Task item
Once you find the line containing "ткани - 345GSM." in the data below, copy it and each following line exactly, up to and including the line containing "Comme vous pouvez", and nothing else.

Given data
......

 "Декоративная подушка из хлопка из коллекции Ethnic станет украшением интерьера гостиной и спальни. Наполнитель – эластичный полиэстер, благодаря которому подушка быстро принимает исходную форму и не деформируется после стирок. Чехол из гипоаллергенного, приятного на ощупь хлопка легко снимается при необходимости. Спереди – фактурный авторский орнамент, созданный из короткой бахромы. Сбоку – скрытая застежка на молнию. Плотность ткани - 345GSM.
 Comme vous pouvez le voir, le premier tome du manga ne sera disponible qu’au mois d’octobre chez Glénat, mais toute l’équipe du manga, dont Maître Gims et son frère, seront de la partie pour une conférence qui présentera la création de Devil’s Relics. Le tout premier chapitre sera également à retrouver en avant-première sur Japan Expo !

......

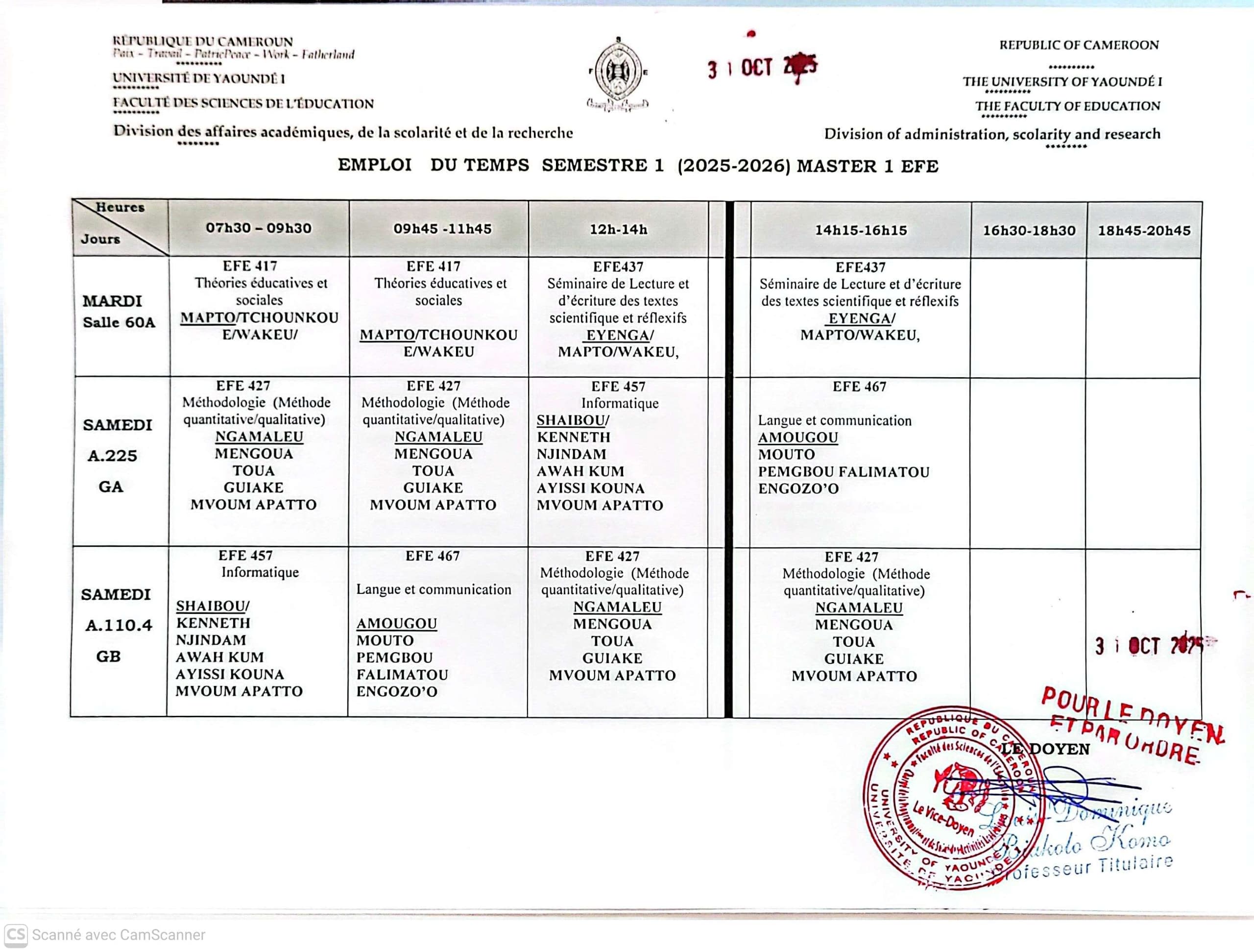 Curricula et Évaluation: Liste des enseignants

......

Response area
 "Декоративная подушка из хлопка из коллекции Ethnic станет украшением интерьера гостиной и спальни. Наполнитель – эластичный полиэстер, благодаря которому подушка быстро принимает исходную форму и не деформируется после стирок. Чехол из гипоаллергенного, приятного на ощупь хлопка легко снимается при необходимости. Спереди – фактурный авторский орнамент, созданный из короткой бахромы. Сбоку – скрытая застежка на молнию. Плотность ткани - 345GSM.
 Comme vous pouvez le voir, le premier tome du manga ne sera disponible qu’au mois d’octobre chez Glénat, mais toute l’équipe du manga, dont Maître Gims et son frère, seront de la partie pour une conférence qui présentera la création de Devil’s Relics. Le tout premier chapitre sera également à retrouver en avant-première sur Japan Expo !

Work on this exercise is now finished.